Editha nannte ihm einen Betrag, der weit über das hinausging, was sie den anderen Interessenten gesagt hatte. Er nickte wieder, dieses Mal mit geschlossenen Augen. Eine ganze Weile.
»In Ordnung, ich nehme sie.«
Editha war verdutzt. Damit hatte sie jetzt nicht gerechnet.
»Äh ... ja, aber«, stotterte sie. »Ich ... äh ... muss mir in Ruhe überlegen, für welchen Interessenten ich mich entscheide.«
Der Kauz kehrte ihr den Rücken zu und ging die Treppe hinunter.
»Ich melde mich Anfang nächster Woche bei Ihnen«, sagte er. »Bis dahin werden Sie sich ja wohl entschieden haben.«
Er verließ das Haus. Die Haustür ließ er offenstehen.
»Von diesen Bedingungen, von denen ich gehört habe, haben Sie mir vorher aber nichts gesagt! Das ist eine Ungeheuerlichkeit, ja, eine Unverschämtheit.«
Im nächsten Moment hörte Editha den Freiton. Verwundert sah sie das Telefon an, als hätte dieses sich merkwürdig benommen und nicht der Mietinteressent, den sie gerade angerufen hatte. Was war denn in den gefahren? Was meinte der mit »Bedingungen«? Und wo hatte er davon gehört?

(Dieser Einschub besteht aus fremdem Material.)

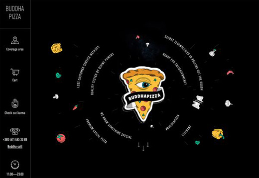 Buddha Pizza 這個(gè)頁(yè)面則讓文字構(gòu)成圓環(huán),圍繞這批薩,創(chuàng)造出獨(dú)特的視覺(jué)奇觀。
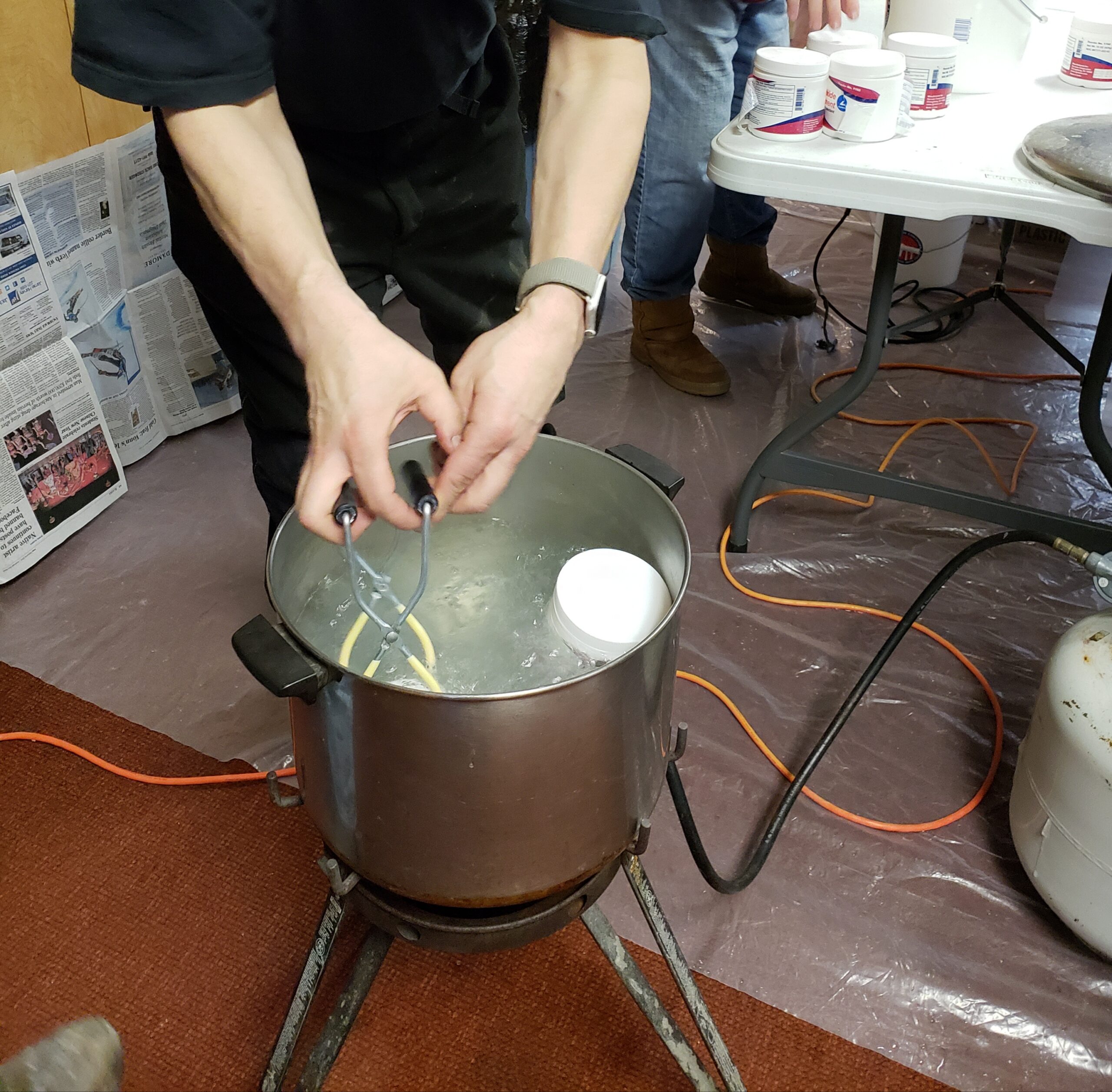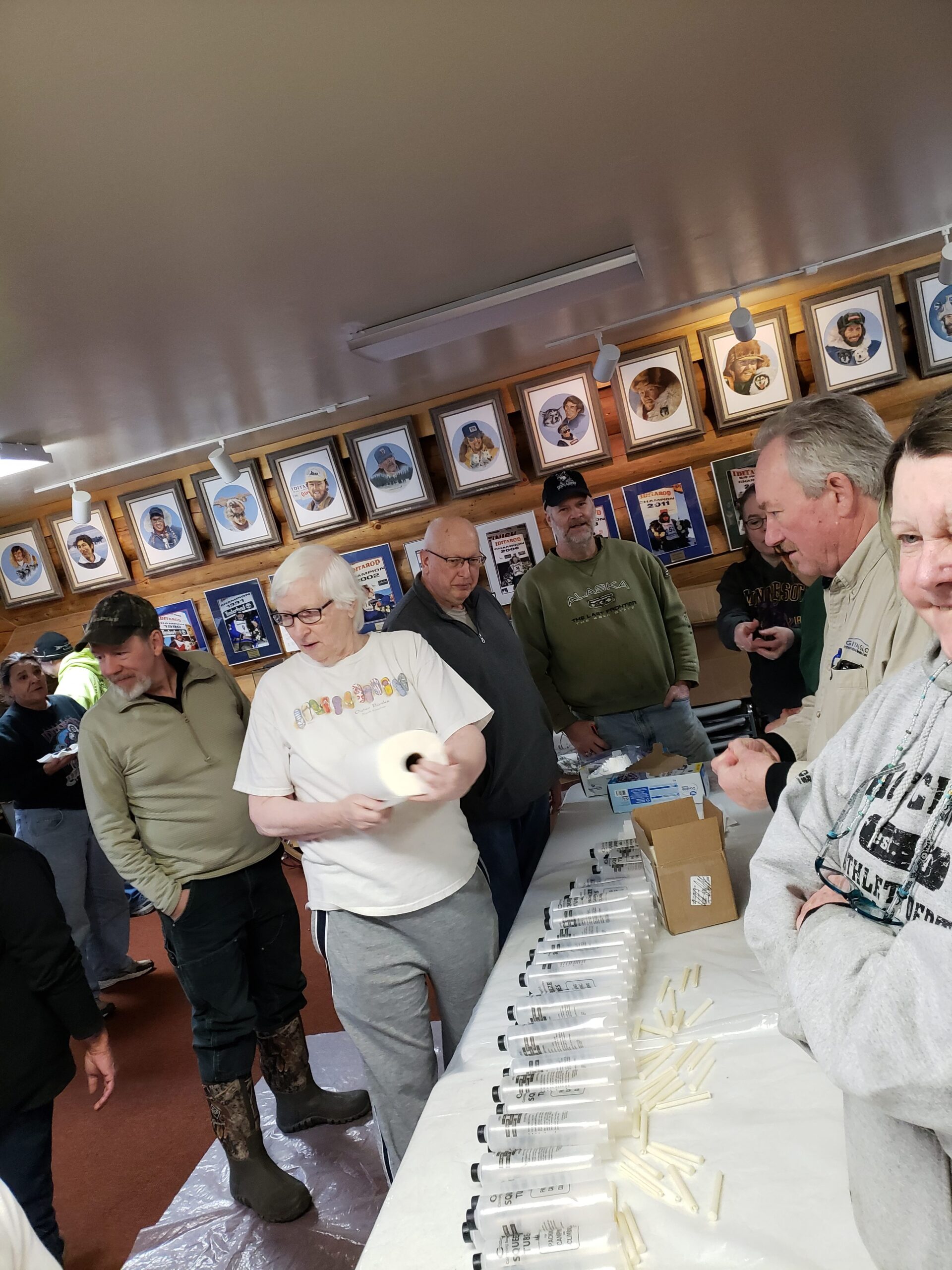 On Saturday, February 16, another group assembled at Iditarod headquarters in Wasilla to prepare the foot ointment used on the four-footed athletes. As with other race practices, this is an example of dedication to top-notch dog care. A simple mixture of 5 parts of zinc oxide to 1 part triamcinolone acetonide cream mixed with mineral oil, the ointment is given to each musher at the pre-race meeting and is also sent out on the trail to the checkpoints for the vets and mushers.

Na ja, jedenfalls konnte sie diese Reaktion getrost als Absage interpretieren. Und damit hatten, bis auf den komischen Kauz, alle Interessenten abgesagt. So wütend war dabei allerdings nur der letzte gewesen. Die anderen hatten einigermaßen plausible Begründungen parat: Die Lage gefiel nicht, die Zimmeraufteilung erschien ungünstig oder die Wohnung sagte allgemein nicht zu. Als wahren Grund vermutete Editha, dass sie mit dem Preis vielleicht zu hoch rangegangen war.
Die Zeit lief ihr davon. Sie würde halt den Kauz als Mieter annehmen. Schließlich sollte er ja nicht mit ihr in den gleichen Räumen leben. Die Miete, die er bereit war zu zahlen, würde sie für manches entschädigen. Sie hoffte, dass er sich allmählich meldete, damit alles unter Dach und Fach gebracht werden konnte. Dann musste sie die Renovierung wohl doch bald starten.